Le TNO vient du Nord, 'stie
 
Antoine Côté Legault : Le Théâtre du Nouvel-Ontario (TNO) est né durant le foisonnement culturel des années 70, au même moment que la Coopérative des Artistes du Nouvel-Ontario (CANO). Comment le TNO a-t-il vu le jour exactement?
 
Geneviève Pineault : La troupe de théâtre étudiante à l'Université Laurentienne, dont faisait partie André Paiement, a créé Moé j'viens du Nord 'stie. La première a eu lieu le 1er février 1971. Il y a eu quelques représentations à Sudbury et c'est ce qui a donné envie aux membres de la troupe de poursuivre la création de pièces à l'extérieur du contexte universitaire. Pendant l'été 1971, le TNO a été créé, puis il y a eu de nouvelles pièces de théâtre. À la même époque, il y a une forme de monmentum et plusieurs institutions voient le jour à Sudbury: la Coopérative des artistes du Nouvel-Ontario (1972), les Éditions Prise de parole (1973), La Nuit sur l’étang (1973), CANO-Musique (1975), etc.
 
ACL : Le TNO a été le premier théâtre franco-ontarien?
 
GP : Le premier théâtre de création du moins, parce que le Théâtre français de Toronto, qui s'appelait à l'époque Théâtre du p'tit bonheur (né en 1967), proposait plutôt un répertoire français et québécois. Dès le départ, au Théâtre du Nouvel-Ontario, il y avait une prise de position claire, c'est-à-dire que ce n’était pas les histoires du Québec ou de la France qui nous intéressait. C’était nos histoires qu'on voulait raconter, dans notre langue.

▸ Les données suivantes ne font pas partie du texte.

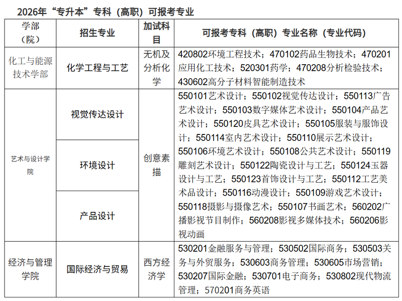 2026上海应用技术大学专升本招生对口要求及考试大纲公布!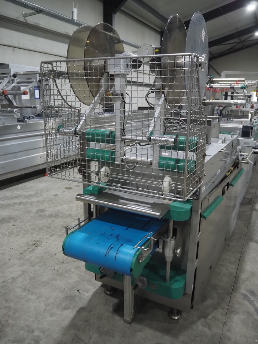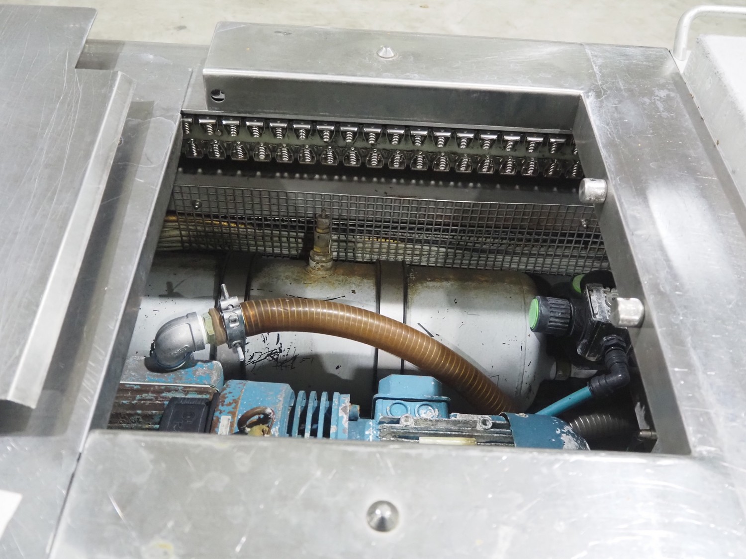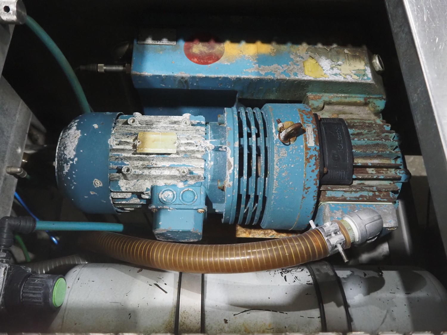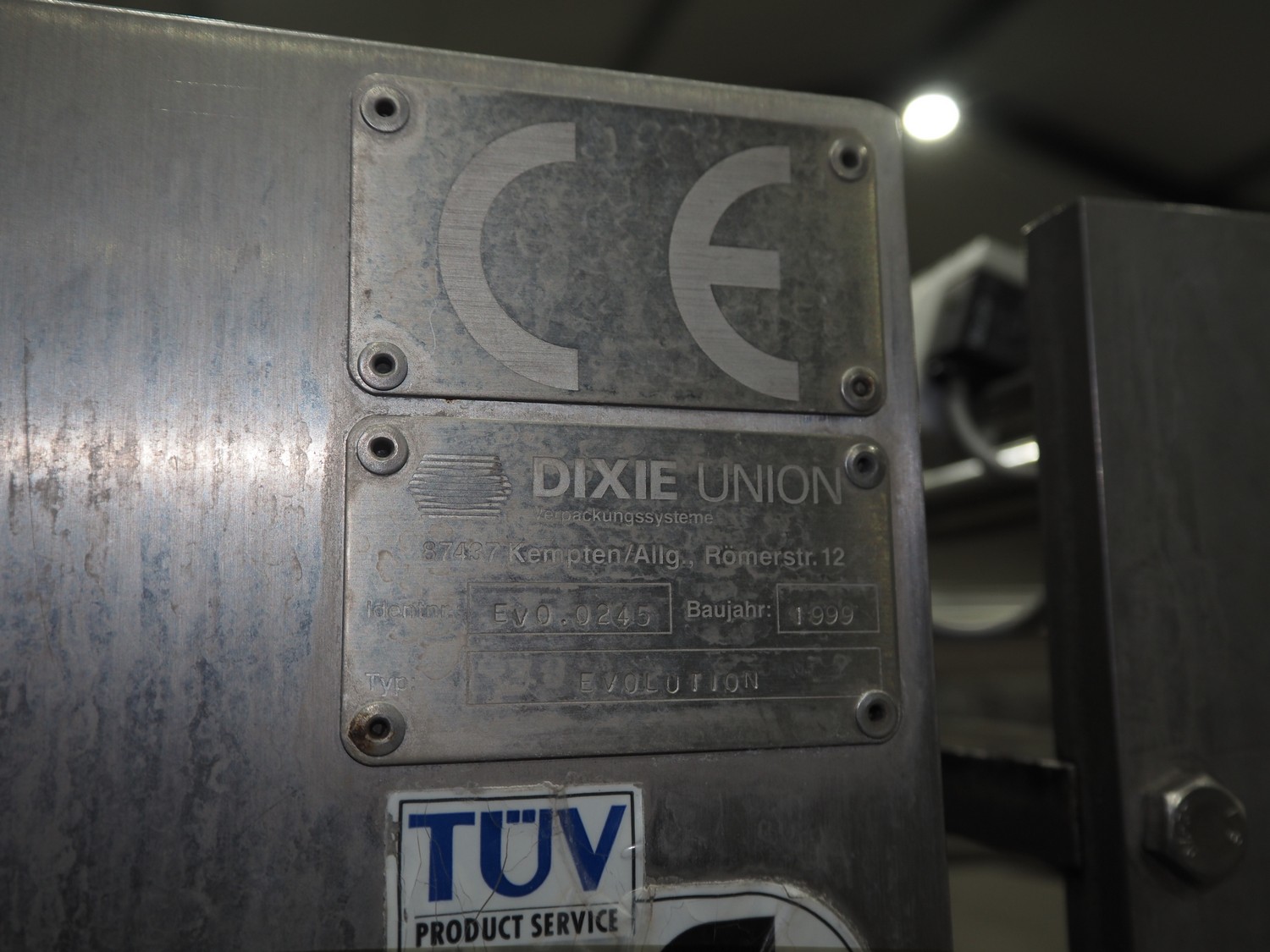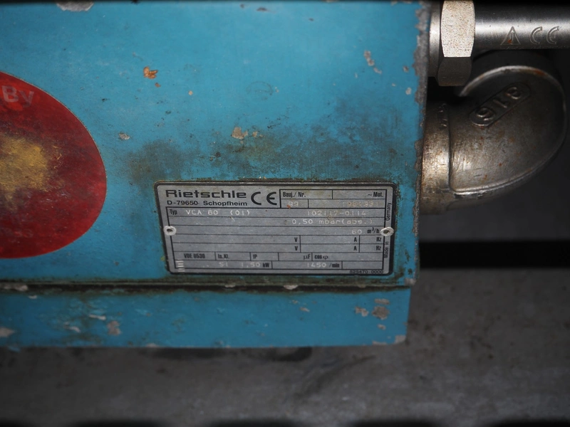 Dixie Union thermoformer, model: EVOLUTION, machine number: EVO.0245, year of construction: 1999, plastic belt, belt width: 380 mm, dye dimensions: (3x) 170 mm x 105 mm x 30 mm, Rietschle vacuum pump, type: VCA 60 (01), year of construction: 1999, capacity: 60 m³/h, total dimensions: 8100 mm x 1300 mm x 1900 mm. Including 2 pallets with parts.

De là est né Moé j'viens du Nord, stie.
 
ACL : En 1976, André Paiement quitte la direction artistique du TNO, pour se consacrer à CANO-musique.
 
GP : Hélène Gravel prend le flambeau de 1976 à 1978.
 
ACL : Ensuite, il y a une forme de flottement pendant quelques années.
 
GP : Certaines personnes ont donné un coup de main à la compagnie, comme Alain Poirier, mais le TNO a été réduit pendant quelques années à des documents qui dormaient dans des boites, dans la cave d'Yvan Rancourt, un des membres du conseil d'administration. C'est lui qui a approché Brigitte Haentjens et Jean-Marc Dalpé en 1982 pour qu’ils assument la direction artistique. Brigitte et Jean-Marc ont vraiment repris le TNO et l'ont fait renaître de ses cendres. C'était beaucoup de travail lorsqu'ils sont arrivés dans la région.
 
ACL : Ils ont aussi créé énormément de spectacles ensemble.
 
GP : Oui, ils ont commencé à écrire des pièces de théâtre ensemble, d’abord Hawkesbury blues (1982) pour le Théâtre de la Vieille 17 à Ottawa, ensuite Un ptit bout de stage (1983) et Nickel (1984) au TNO. Jean-Marc écrivait déjà de la poésie seul, mais c’est seulement avec Le chien, en 1987, qu'il s'est mis à écrire du théâtre en solo. La création de cette pièce constitue un des moments marquants dans l'histoire du TNO, le spectacle a connu un grand succès, en plus du texte qui a remporté le prix du Gouverneur général.
 
ACL : La pièce Les Rogers a aussi été écrite et jouée par le trio Robert Bellefeuille, Robert Marinier et Jean-Marc Dalpé durant le mandat de Brigitte Haentjens. Sa création en 1985 a été un événement marquant?
 
GP : C'est sûr qu'il y a eu qu’il y a eu la controverse autour des Rogers et l’annulation de représentations dans le milieu scolaire, mais la pièce a acquis un vrai succès populaire. Il y a eu au dessus d'une centaine de représentations de cette pièce. Les Rogers a été une création importante. On l'oublie parfois, mais c'était la première fois qu'une compagnie de l'Ontario jouait à Montréal. C’est aussi pourquoi on a remonté la pièce pour fêter le 40e du TNO!

1- Le Chien de Jean Marc Dalpé, mise en scène Brigitte Haentjens  (crédit photo : Jean-Guy Thibodeau)
2- Le Chien de Jean Marc Dalpé, mise en scène de Joël Beddows  (crédit photo : Alexandre Mattar)
3- Du pépin à la fissure de Patrice Desbiens, mise en scène d'André Perrier (crédit photo : Jules Villemaire)
4- Slague : l'histoire d'un mineur de Mansel Robinson, traduction de Jean Marc Dalpé, mise en scène de Geneviève Pineault (crédit photo : Daniel Lalande)
5- French town de Michel Ouellette, mise en scène de Sylvie Dufour (crédit photo : Rachelle Berg)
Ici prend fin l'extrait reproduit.